Supplied entries:
Segment Open

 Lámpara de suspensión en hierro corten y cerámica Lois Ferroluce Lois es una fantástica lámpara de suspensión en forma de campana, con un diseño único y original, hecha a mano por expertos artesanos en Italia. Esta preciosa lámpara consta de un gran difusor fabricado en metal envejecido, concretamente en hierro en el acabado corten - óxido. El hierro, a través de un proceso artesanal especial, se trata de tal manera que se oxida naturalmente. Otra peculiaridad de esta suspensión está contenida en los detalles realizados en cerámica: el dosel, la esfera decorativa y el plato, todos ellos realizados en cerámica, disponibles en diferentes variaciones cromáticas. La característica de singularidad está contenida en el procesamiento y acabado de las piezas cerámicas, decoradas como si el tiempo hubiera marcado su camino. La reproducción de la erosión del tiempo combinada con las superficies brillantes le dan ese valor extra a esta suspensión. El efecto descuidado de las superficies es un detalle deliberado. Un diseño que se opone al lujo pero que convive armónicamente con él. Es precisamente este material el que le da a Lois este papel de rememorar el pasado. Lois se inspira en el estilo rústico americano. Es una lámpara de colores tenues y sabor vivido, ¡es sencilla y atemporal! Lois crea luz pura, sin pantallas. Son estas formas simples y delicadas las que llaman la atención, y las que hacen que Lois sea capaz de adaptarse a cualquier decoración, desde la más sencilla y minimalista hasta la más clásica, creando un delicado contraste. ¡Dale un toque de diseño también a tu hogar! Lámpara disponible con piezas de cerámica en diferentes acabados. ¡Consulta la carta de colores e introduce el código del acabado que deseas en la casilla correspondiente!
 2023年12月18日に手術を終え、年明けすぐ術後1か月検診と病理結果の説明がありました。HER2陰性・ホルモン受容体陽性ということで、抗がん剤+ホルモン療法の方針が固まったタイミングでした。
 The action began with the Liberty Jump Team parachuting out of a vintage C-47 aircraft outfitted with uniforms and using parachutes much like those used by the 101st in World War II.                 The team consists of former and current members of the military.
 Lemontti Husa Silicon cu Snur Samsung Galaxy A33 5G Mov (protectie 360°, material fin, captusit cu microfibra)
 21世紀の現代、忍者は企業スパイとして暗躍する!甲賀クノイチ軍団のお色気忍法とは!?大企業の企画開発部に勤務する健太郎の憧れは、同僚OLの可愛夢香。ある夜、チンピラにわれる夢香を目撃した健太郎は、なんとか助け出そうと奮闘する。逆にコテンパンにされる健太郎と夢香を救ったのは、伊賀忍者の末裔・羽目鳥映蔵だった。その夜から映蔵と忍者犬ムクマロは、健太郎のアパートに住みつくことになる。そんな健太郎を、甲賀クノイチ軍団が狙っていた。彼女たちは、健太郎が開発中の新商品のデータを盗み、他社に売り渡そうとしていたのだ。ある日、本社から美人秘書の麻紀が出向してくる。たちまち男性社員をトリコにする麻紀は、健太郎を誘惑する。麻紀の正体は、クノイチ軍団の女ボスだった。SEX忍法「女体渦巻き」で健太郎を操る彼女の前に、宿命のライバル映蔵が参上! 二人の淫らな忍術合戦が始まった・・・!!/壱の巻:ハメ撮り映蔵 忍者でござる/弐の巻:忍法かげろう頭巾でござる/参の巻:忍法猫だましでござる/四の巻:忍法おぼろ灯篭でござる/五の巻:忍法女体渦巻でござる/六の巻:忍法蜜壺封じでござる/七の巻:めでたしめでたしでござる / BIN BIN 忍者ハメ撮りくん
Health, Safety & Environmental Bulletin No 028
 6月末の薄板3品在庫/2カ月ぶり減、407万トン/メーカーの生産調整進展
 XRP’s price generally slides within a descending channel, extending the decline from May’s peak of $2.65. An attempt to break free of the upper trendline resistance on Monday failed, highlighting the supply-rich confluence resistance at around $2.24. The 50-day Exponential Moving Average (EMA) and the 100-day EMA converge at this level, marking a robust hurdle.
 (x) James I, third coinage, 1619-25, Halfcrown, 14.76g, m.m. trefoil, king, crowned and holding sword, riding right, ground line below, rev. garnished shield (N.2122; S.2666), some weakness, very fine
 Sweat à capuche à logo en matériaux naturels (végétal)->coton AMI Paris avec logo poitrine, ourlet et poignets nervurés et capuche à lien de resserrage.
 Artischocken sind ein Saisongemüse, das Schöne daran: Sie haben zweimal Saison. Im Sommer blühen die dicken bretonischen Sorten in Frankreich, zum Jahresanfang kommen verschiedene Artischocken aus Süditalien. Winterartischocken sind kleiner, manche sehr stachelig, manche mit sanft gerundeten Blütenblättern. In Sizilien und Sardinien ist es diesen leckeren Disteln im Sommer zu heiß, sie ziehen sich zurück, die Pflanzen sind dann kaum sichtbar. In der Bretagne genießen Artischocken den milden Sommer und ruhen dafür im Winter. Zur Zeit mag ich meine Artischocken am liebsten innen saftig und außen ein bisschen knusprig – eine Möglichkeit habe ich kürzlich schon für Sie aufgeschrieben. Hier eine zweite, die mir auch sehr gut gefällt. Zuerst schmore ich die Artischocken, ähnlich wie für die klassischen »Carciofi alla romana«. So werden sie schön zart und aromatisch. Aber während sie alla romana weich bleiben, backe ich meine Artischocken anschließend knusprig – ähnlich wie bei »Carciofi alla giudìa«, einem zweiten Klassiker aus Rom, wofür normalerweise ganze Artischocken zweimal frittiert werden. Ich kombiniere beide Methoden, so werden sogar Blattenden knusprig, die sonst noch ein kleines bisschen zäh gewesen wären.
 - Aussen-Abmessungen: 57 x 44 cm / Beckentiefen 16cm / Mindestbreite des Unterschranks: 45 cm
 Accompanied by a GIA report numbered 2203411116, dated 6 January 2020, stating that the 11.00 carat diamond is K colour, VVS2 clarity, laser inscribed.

Segment Closed

Try it: An exact repetition of all the records above is required.

Solution to the problem:
 Lámpara de suspensión en hierro corten y cerámica Lois Ferroluce Lois es una fantástica lámpara de suspensión en forma de campana, con un diseño único y original, hecha a mano por expertos artesanos en Italia. Esta preciosa lámpara consta de un gran difusor fabricado en metal envejecido, concretamente en hierro en el acabado corten - óxido. El hierro, a través de un proceso artesanal especial, se trata de tal manera que se oxida naturalmente. Otra peculiaridad de esta suspensión está contenida en los detalles realizados en cerámica: el dosel, la esfera decorativa y el plato, todos ellos realizados en cerámica, disponibles en diferentes variaciones cromáticas. La característica de singularidad está contenida en el procesamiento y acabado de las piezas cerámicas, decoradas como si el tiempo hubiera marcado su camino. La reproducción de la erosión del tiempo combinada con las superficies brillantes le dan ese valor extra a esta suspensión. El efecto descuidado de las superficies es un detalle deliberado. Un diseño que se opone al lujo pero que convive armónicamente con él. Es precisamente este material el que le da a Lois este papel de rememorar el pasado. Lois se inspira en el estilo rústico americano. Es una lámpara de colores tenues y sabor vivido, ¡es sencilla y atemporal! Lois crea luz pura, sin pantallas. Son estas formas simples y delicadas las que llaman la atención, y las que hacen que Lois sea capaz de adaptarse a cualquier decoración, desde la más sencilla y minimalista hasta la más clásica, creando un delicado contraste. ¡Dale un toque de diseño también a tu hogar! Lámpara disponible con piezas de cerámica en diferentes acabados. ¡Consulta la carta de colores e introduce el código del acabado que deseas en la casilla correspondiente!
 2023年12月18日に手術を終え、年明けすぐ術後1か月検診と病理結果の説明がありました。HER2陰性・ホルモン受容体陽性ということで、抗がん剤+ホルモン療法の方針が固まったタイミングでした。
 The action began with the Liberty Jump Team parachuting out of a vintage C-47 aircraft outfitted with uniforms and using parachutes much like those used by the 101st in World War II.                 The team consists of former and current members of the military.
 Lemontti Husa Silicon cu Snur Samsung Galaxy A33 5G Mov (protectie 360°, material fin, captusit cu microfibra)
 21世紀の現代、忍者は企業スパイとして暗躍する!甲賀クノイチ軍団のお色気忍法とは!?大企業の企画開発部に勤務する健太郎の憧れは、同僚OLの可愛夢香。ある夜、チンピラにわれる夢香を目撃した健太郎は、なんとか助け出そうと奮闘する。逆にコテンパンにされる健太郎と夢香を救ったのは、伊賀忍者の末裔・羽目鳥映蔵だった。その夜から映蔵と忍者犬ムクマロは、健太郎のアパートに住みつくことになる。そんな健太郎を、甲賀クノイチ軍団が狙っていた。彼女たちは、健太郎が開発中の新商品のデータを盗み、他社に売り渡そうとしていたのだ。ある日、本社から美人秘書の麻紀が出向してくる。たちまち男性社員をトリコにする麻紀は、健太郎を誘惑する。麻紀の正体は、クノイチ軍団の女ボスだった。SEX忍法「女体渦巻き」で健太郎を操る彼女の前に、宿命のライバル映蔵が参上! 二人の淫らな忍術合戦が始まった・・・!!/壱の巻:ハメ撮り映蔵 忍者でござる/弐の巻:忍法かげろう頭巾でござる/参の巻:忍法猫だましでござる/四の巻:忍法おぼろ灯篭でござる/五の巻:忍法女体渦巻でござる/六の巻:忍法蜜壺封じでござる/七の巻:めでたしめでたしでござる / BIN BIN 忍者ハメ撮りくん
Health, Safety & Environmental Bulletin No 028
 6月末の薄板3品在庫/2カ月ぶり減、407万トン/メーカーの生産調整進展
 XRP’s price generally slides within a descending channel, extending the decline from May’s peak of $2.65. An attempt to break free of the upper trendline resistance on Monday failed, highlighting the supply-rich confluence resistance at around $2.24. The 50-day Exponential Moving Average (EMA) and the 100-day EMA converge at this level, marking a robust hurdle.
 (x) James I, third coinage, 1619-25, Halfcrown, 14.76g, m.m. trefoil, king, crowned and holding sword, riding right, ground line below, rev. garnished shield (N.2122; S.2666), some weakness, very fine
 Sweat à capuche à logo en matériaux naturels (végétal)->coton AMI Paris avec logo poitrine, ourlet et poignets nervurés et capuche à lien de resserrage.
 Artischocken sind ein Saisongemüse, das Schöne daran: Sie haben zweimal Saison. Im Sommer blühen die dicken bretonischen Sorten in Frankreich, zum Jahresanfang kommen verschiedene Artischocken aus Süditalien. Winterartischocken sind kleiner, manche sehr stachelig, manche mit sanft gerundeten Blütenblättern. In Sizilien und Sardinien ist es diesen leckeren Disteln im Sommer zu heiß, sie ziehen sich zurück, die Pflanzen sind dann kaum sichtbar. In der Bretagne genießen Artischocken den milden Sommer und ruhen dafür im Winter. Zur Zeit mag ich meine Artischocken am liebsten innen saftig und außen ein bisschen knusprig – eine Möglichkeit habe ich kürzlich schon für Sie aufgeschrieben. Hier eine zweite, die mir auch sehr gut gefällt. Zuerst schmore ich die Artischocken, ähnlich wie für die klassischen »Carciofi alla romana«. So werden sie schön zart und aromatisch. Aber während sie alla romana weich bleiben, backe ich meine Artischocken anschließend knusprig – ähnlich wie bei »Carciofi alla giudìa«, einem zweiten Klassiker aus Rom, wofür normalerweise ganze Artischocken zweimal frittiert werden. Ich kombiniere beide Methoden, so werden sogar Blattenden knusprig, die sonst noch ein kleines bisschen zäh gewesen wären.
 - Aussen-Abmessungen: 57 x 44 cm / Beckentiefen 16cm / Mindestbreite des Unterschranks: 45 cm
 Accompanied by a GIA report numbered 2203411116, dated 6 January 2020, stating that the 11.00 carat diamond is K colour, VVS2 clarity, laser inscribed.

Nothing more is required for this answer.